In late September 2026, OpenAI was reported to be in talks to raise at least $30 billion at a valuation of roughly $1.4 trillion — a bridge round ahead of a public listing that has now slipped to 2027. Here's why that lands on your desk rather than just your newsfeed: money at that scale buys compute and people. Earlier in the year, reporting put the company's plan at growing from around 4,500 employees toward roughly 8,000 by the end of 2026, with new roles concentrated in research, engineering, product and sales. That's thousands of open requisitions. But more openings does not mean an easier screen — it means a much bigger pile of applications behind each one.
The uncomfortable arithmetic is this: hiring at that speed forces a lab to standardise its first filter. Reviewers cannot read 4,000 resumes per role with the care they'd give 40. So they define criteria against the job post and check each application against them, one line at a time. OpenAI's applications run through Ashby, which keeps your uploaded file for the recruiter but also parses it into structured fields — name, roles, dates, education, skills — and supports AI-assisted review that marks each stated requirement as met or not met, citing the text it found. Your document has two audiences, and the machine reads first.
The bridge from a funding headline to your CV is short and practical. Every new team that gets funded writes a job description, and that description is the rubric. A resume that was strong for a generic backend role in 2023 is now competing against candidates who have rewritten their file specifically for post-training, evals, or inference infrastructure. If you're applying to a frontier lab this quarter, you need two things before you hit submit: a file that parses cleanly, and content aimed at one posting rather than twelve. The rest of this article covers how to build both.
What does OpenAI actually screen a resume for?
OpenAI screens for demonstrated ability to ship technical work, not credentials. Its published interview guidance says plainly that the company isn't credential-driven, and its research postings back that up: qualifications appear as "you might thrive in this role if you…" rather than a list of hard requirements. A chip-design research engineer posting asks for strong programming and debugging with a track record of turning technical ideas into working software, experience with reinforcement learning or post-training, and the ability to work independently on ambiguous problems. Not one of those is a degree. A reviewer is looking for evidence you've already done a smaller version of the job.
In practice that means artifacts a stranger can verify in under a minute. A merged contribution to a library the team actually uses. An eval suite you designed, and the failure mode it caught. A fine-tune you ran, with the benchmark delta and the compute it took. A paper, a technical write-up, a released model card. These beat five years of tidy job titles because they answer the only question the screen cares about: what happens after we hire you?

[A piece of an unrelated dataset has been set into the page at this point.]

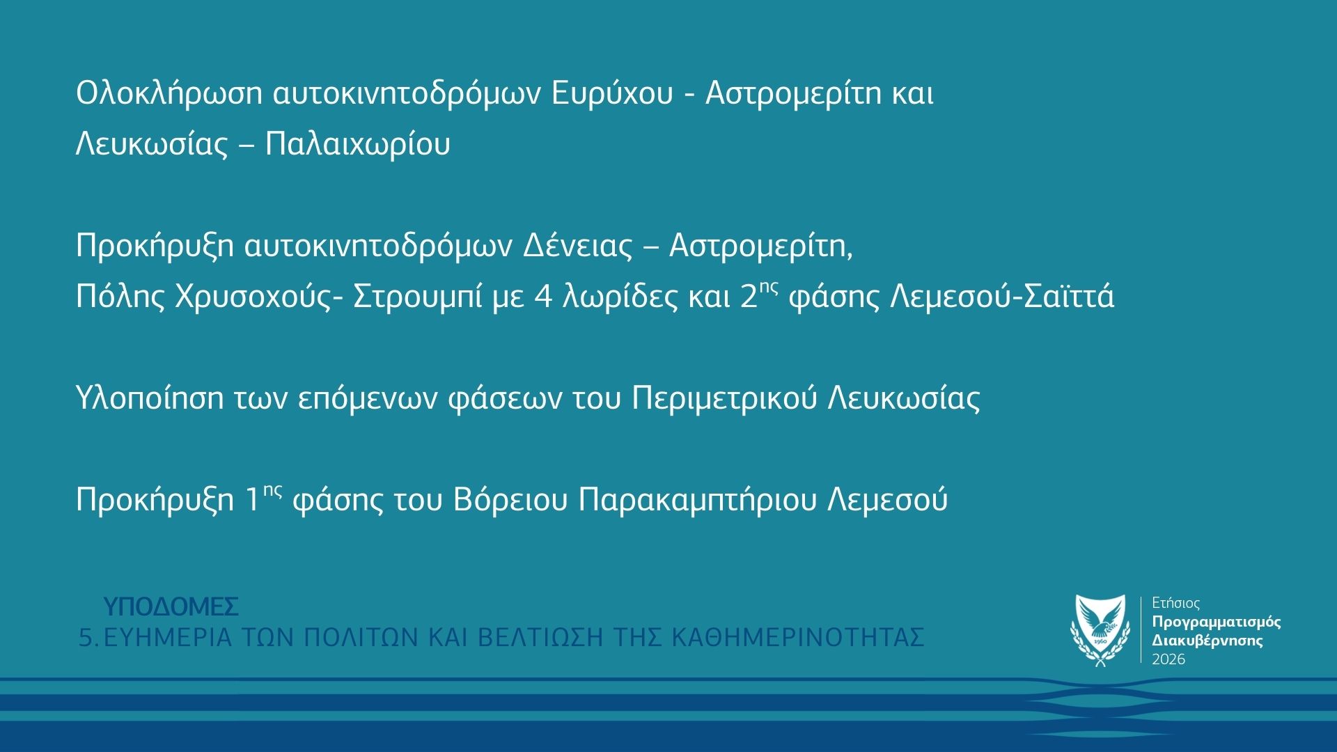 Στον τομέα των Υποδομών, συνεχίζεται η προώθηση μεγάλων οδικών έργων. Το 2026 ολοκληρώνεται η κατασκευή των αυτοκινητοδρόμων από Ευρύχου προς Αστρομερίτη και από Λευκωσία προς Παλαιχώρι. Προκηρύσσονται επίσης οι αυτοκινητόδρομοι Δένειας προς Αστρομερίτη, Πόλης Χρυσοχούς προς Στρουμπί με 4 λωρίδες, και η 2η φάση του αυτοκινητόδρομου Λεμεσού προς Σαιττά. Στα μεγάλα αστικά κέντρα προχωρούν οι εργασίες ολοκλήρωσης του οδικού δικτύου με στόχο την αποσυμφόρηση. Στη Λευκωσία υλοποιούνται οι επόμενες φάσεις του Περιμετρικού και για τη Λεμεσό προκηρύσσεται η 1η φάση του Βόρειου Παρακαμπτήριου.

Titles describe where you sat. Artifacts describe what you produced. When space is tight, cut the title padding and keep the artifact.
Here's my contrarian read, and I'll defend it: a PhD is the single most overrated line on an AI-lab resume. It's genuinely valuable for interpretability and theory-heavy research, where postings do ask for research experience at that depth. For almost everything else — post-training engineering, evals, inference infra, applied product work — a public track record of shipping beats a thesis nobody will open. OpenAI's residency explicitly recruits people without formal ML credentials who can build and learn fast. What does get people screened out is being a generalist with no visible engagement with the field. Nobody at a frontier lab is hiring you to learn the domain on the job.
How do you write research and infra bullets with measurable impact?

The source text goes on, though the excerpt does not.